As mentioned in the context and history section, the compile-time codegen plain doesn't work today for Cuda, and isn't an option for OpenCL.
The runtime source code generation is my default recommendation. Either kernel can be copy-pasted, or the application has an internal IR and generate OpenCL/Cuda code from it. In fact, Arraymancer cuda backend should be reconfigured to use NVRTC (Nvidia Runtime Compilation) instead of NVRTC and most woes would be solved with few code change.
The JIT part is recommended if you need LLVM IR anyway or support for a large amount of architectures, including DirectX, OpenGL/Vulkan/SPIR-V, Qualcomm Hexagon that might be quite different from AMD ROCm, Nvidia Cuda or OpenCL
LLVM has full support for Nvidia PTX codegen for Cuda/Nvidia GPUs.
LLVM has support for SPIR-V codegen since LLVM 15 (April 2022) which is necessary to target Intel GPU or for OpenCL and Vulkan backends via LLVM IR.
LLVM supports AMD GPUs and Direct X target as well
Compiling to Apple Metal cannot be done via LLVM IR despite Apple using LLVM :/ so it has to go through source-code.
You have a proof-of-concept LLVM JIT here:
And a proof-of-concept LLVM + Nvidia NVVM JIT here:
Note: The conversion from LLVM IR to Nvidia PTX (assembly) can be done either through LLVM or through Nvidia NVVM which has extra proprietary optimization passes.
Thanks for this overview, very interesting.
About compile-time generation, for info I experimented with a CUDA-like approach based on nlvm some time ago: https://github.com/guibar64/axel. It is still quite unfinished, though.
Also, your project is compiled twice for CPU and GPU (nvptx for now) respectively, which is admittedly a bit clunky.
About compile-time generation, for info I experimented with a CUDA-like approach based on nlvm some time ago: https://github.com/guibar64/axel. It is still quite unfinished, though.
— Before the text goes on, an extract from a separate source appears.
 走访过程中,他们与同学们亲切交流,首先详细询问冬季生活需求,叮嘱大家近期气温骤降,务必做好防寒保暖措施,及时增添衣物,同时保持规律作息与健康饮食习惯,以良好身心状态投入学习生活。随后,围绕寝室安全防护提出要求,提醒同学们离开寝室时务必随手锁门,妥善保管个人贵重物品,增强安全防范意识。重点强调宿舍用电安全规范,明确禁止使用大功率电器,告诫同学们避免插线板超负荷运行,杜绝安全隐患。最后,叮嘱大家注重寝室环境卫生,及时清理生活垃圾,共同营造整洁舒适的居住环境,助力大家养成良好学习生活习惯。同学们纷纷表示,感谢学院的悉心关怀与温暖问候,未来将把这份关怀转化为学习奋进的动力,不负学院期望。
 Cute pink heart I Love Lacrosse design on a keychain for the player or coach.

I wasn't aware of Axel and it's definitely very interesting. I'm surprised you managed to have {.kernel.} work without going through the pain of rewriting the AST to avoid Nim artifacts like in https://github.com/jcosborn/cudanim/blob/338be78/inline.nim
Also, your project is compiled twice for CPU and GPU (nvptx for now) respectively, which is admittedly a bit clunky.
Which project?
Sorry, bad phrasing, I was commenting on axel.
What I meant was, when you compile a project with axel, with staticExec a second compilation is done on your project with nlvm-gpu.
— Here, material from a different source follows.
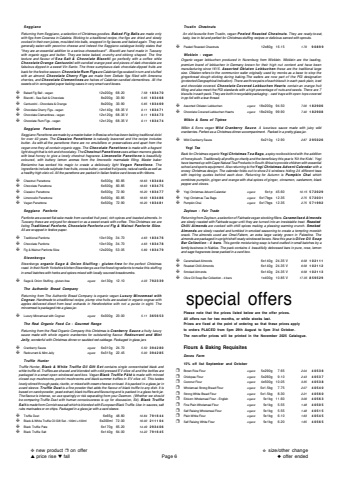Seggiano%u2748Baked Fig Ball - vegan12x200g 68.207.58183470%u2748Biscotti - Sea Salt & Chocolate8x200g 33.905.65183468%u2748Cantuccini - Chocolate & Orange8x200g 33.905.65183469%u2748Chocolate Cherry Figs - vegan12x140g 68.35 V9.11183471%u2748Chocolate Clementines - vegan12x120g 68.35 V9.11183473%u2748Chocolate Rum Figs - vegan12x120g 68.35 V9.11183474Seggiano Panettone%u2748Chestnut Panettone6x500g 83.8518.63183484%u2748Chocolate Panettone6x500g 83.8518.63183475%u2748Classico Panettone6x500g 72.9016.20183477%u2748Limoncello Panettone6x500g 83.8518.63183486%u2748Vegan Panettone6x500g 72.9016.20183481Seggiano Panforte%u2748Traditional Panforte10x100g 34.704.63183476%u2748Chocolate Panforte10x100g 34.704.63183478%u2748Fig & Walnut Panforte Slice12x200g 53.055.89183479Steenbergs%u2748Sage & Onion Stuffing - gluten-freeorganic4x130g 12.104.03792339The Authentic Bread Company%u2748Luxury Mincemeat with Cognacorganic6x300g 23.005.11365653The Real Organic Food Co - Gourmet Range%u2748Cranberry Sauceorganic6x310g 24.705.50394280%u2748Redcurrant & Mint Jellyorganic6x315g 22.455.00394285Truffle Hunter%u2748Truffle Dust6x65g 48.8010.84791644%u2748Black & White Truffle Oil Gift Set - 100ml +100ml6x200ml72.0016.00211104%u2748Black Truffle Pate6x170g 65.2014.49293406%u2748Black Truffle Salt6x140g 64.0014.22791645ReturningfromSeggiano, aselection ofChristmasgoodies.Baked FigBallsaremadeonlywith figsfromCosenza inCalabria.Sticking to atraditionalrecipe, the figs are dried andslowlycooked intheir own juices,moulded intoballs,wrapped in figleaves andbakedagain.They aregenerallyeatenwithpecorinocheese and indeed theSeggianocatalogueboldlystates that\ are anessentialaddition to a seriouscheeseboard\with organiceggs andbutter. They aretwicebaked, crunchy andoblongshaped. The finetexture andflavour ofSeaSalt & ChocolateBiscottigoperfectlywith acoffeewhileChocolateOrangeCantucciniwithcandied orangepeel andpieces ofdarkchocolate arefabulousdipped in asweet Vin Santo.Thethree sumptuousdarkchocolate-dippedfruits areback for thefestive season.Chocolate Rum Figsare Calabrianfigs soaked in rum andstuffedwith an almond.ChocolateCherry Figsaremade fromDottato figs filled with Amerenacherries, andChocolate Clementinesarehalves ofCalabriancandied clementines. All thesweets sit in corrugated paper baking cases in very smart card boxes.SeggianoPanettone aremade by amasterbaker in Bresica who hasbeenbakingtraditionaldolcifor over 40years. TheClassicoPanettoneisnaturallyleavened and the recipe includesbutter. Aswith all thepanettone there are noemulsifiers or preservatives andapartfrom thevegan onethey allcontainorganiceggs. TheChocolatePanettoneismade with afragrantlightdoughthat isrich andchocolatey. TheChestnutPanettoneusesartisanmarronsglac%u00e9swithlocalhoney togive alovelychestnutfragrance.LimoncelloPanettoneisbeautifullycoloured,withbuttery lemonaromasfrom the limoncellomarmaladefilling.MasterbakerBeniamino hasworked hismagic tocreate a deliciouslylightVeganPanettone.Theingredients includesulphate-freefruits, cocoabutter,candiedfruit paste,naturalvanilla aswell asa healthy high oleic oil. All the panettone are packed in Italian festive card boxes with ribbons.Panforte are a sweetflat cakemade fromcandiedfruitpeel,richspices andtoastedalmonds. InTuscanythese are enjoyed fordessert or as a sweetsnackwithcoffee.ThisChristmas we arelistingTraditionalPanforte,ChocolatePanforteandFig&WalnutPanforteSlice.All are wrapped in festive paper.SteenbergsorganicSage &OnionStuffing - gluten-freefortheperfectChristmasroast. Intheir NorthYorkshirekitchenSteenbergs usethefinestingredients tomakethisstuffingin small batches with herbs and spices mixed with locally sourced breadcrumbs. Returningfrom TheAuthenticBread Company is organicveganLuxuryMincemeatwithCognac.Handmade toatraditionalrecipe, plump vinefruits aresoaked inorganiccognac withapplesdelivereddirectfromlocalorchards inHerefordshire with not apur%u00e9e insight. Themincemeat is packaged into a glass jar.Returningfrom theRealOrganic CompanythisChristmas isCranberrySauceafruity luxurysauce madewithwholeorganic cranberries foroutstandingflavour.Redcurrant andMintJelly, wonderful with Christmas dinner or saut%u00e9ed red cabbage. Packaged in glass jarsTruffleHunter,Black &WhiteTruffle OilGift Setcontainssingle concentratedblack andwhite truffleoil. Truffles areshaved andblendedwithcold pressed EVolive oil and thebottles arepackaged in asmartopenwindowedcardbox.VeganBlackTruffleP%u00e2t%u00e9ismade withmincedclosed cupmushrooms, porcini mushrooms andblack summertruffles in EV olive oil.This tasteslovely stirredthroughpasta,risotto, ormixed withcreamcheese ontoast. It is packed in aglass jarinacardsleeve.TruffleDustisafine powderthat adds theflavour ofblacktruffle to any dish. Itisbased oncarobpowder,yeast extract,blacktruffles andflavouringand is packed in aglassherb jar.Theflavour isintense, so usesparingly orriskseparating fromyourDaemon.(Whether weshouldbecomparingTruffleDust with humanconsciousness is upfor discussion, Ed).BlackTruffleSaltismade fromCornish seasaltwhich isblendedwithEuropeanBlackTruffle. Use in sauces, saltrubs marinades or on chips. Packaged in a glass jar with a card sleeve.Trustin Chestnuts%u2748Peeled Roasted Chestnuts12x80g 16.151.7990899Wicklein - vegan%u2748Assorted Oblaten Lebkuchenorganic18x200g 94.507.00182906%u2748Chocolate Covered Lebkuchen Heartsorganic18x240g 99.907.40182908Wilkin & Sons of Tiptree%u2748Wild Cranberry Sauce6x210g 12.902.87295026Yogi Tea%u2748Yogi Christmas Advent Calendar organic6x1p 45.6010.15572029%u2748Yogi Christmas Tea Bags organic6x17bgs12.352.75572031%u2748Pumpkin Chai organic6x17bgs12.352.75571992Zaytoun - Fair Trade%u2748Caramelised Almonds6x140g 24.35 V6.58102111%u2748Roasted Chilli Almonds6x140g 24.35 V6.58102112%u2748Smoked Almonds6x140g 24.35 V6.58102113%u2748Olive Oil Soap Bar Collection - 4 bars1x400g 10.85 V17.35859529special offersPlease note that the prices listed below are the offer prices.All offers run for

I wasn't aware of Axel and it's definitely very interesting. I'm surprised you managed to have {.kernel.} work without going through the pain of rewriting the AST to avoid Nim artifacts like in https://github.com/jcosborn/cudanim/blob/338be78/inline.nim
kernel mostly tags the proc with a custom pragma, it is then handled in the modified nlvm to add proper annotations. The rest is already handled by nlvm's main codegen.
Thanks for the writeup @mratsim!
It'd be great to be able to do GPU / NN stuff in Nim (again).
Note that I really dislike LLVM -- it sucks as a user because the libraries break compatibility regularly. Your distro provide LLVM13 but your compiler needs LLVM14, etc. Then Apple's LLVM builds often don't work with regular LLVM libs. I guess that's just part of the nature of using any of the machine learning libraries though. :/
I'm not sure if pure CUDA C++ kernels have the same issue too. Also for the C++ compilation flags it would be possible to compile to source and then manually compile the generated C++ code. For CUDA kernels I'd guess that Nim features that use GNU features like computed goto's wouldn't be used.
It'd be great to be able to do GPU / NN stuff in Nim (again).
Unfortunately for the time being my focus is cryptography. For GPU / NN, I think Flambeau is the better bet.
It will have a side-effect of solving Cuda/OpenCL/Vulkan codegen via LLVM but the kernels still would have to be (re-)implemented.
Note that I really dislike LLVM -- it sucks as a user because the libraries break compatibility regularly. Your distro provide LLVM13 but your compiler needs LLVM14, etc. Then Apple's LLVM builds often don't work with regular LLVM libs. I guess that's just part of the nature of using any of the machine learning libraries though. :/
That was one of my concerns:
However, I don't think it will be an issue for my libraries:
Basically the only versioning woes I should get would be support for new backends, like OpenCL, OpenGL, Vulkan kernel generation via SPIR-V is only availble in LLVM-15 onward.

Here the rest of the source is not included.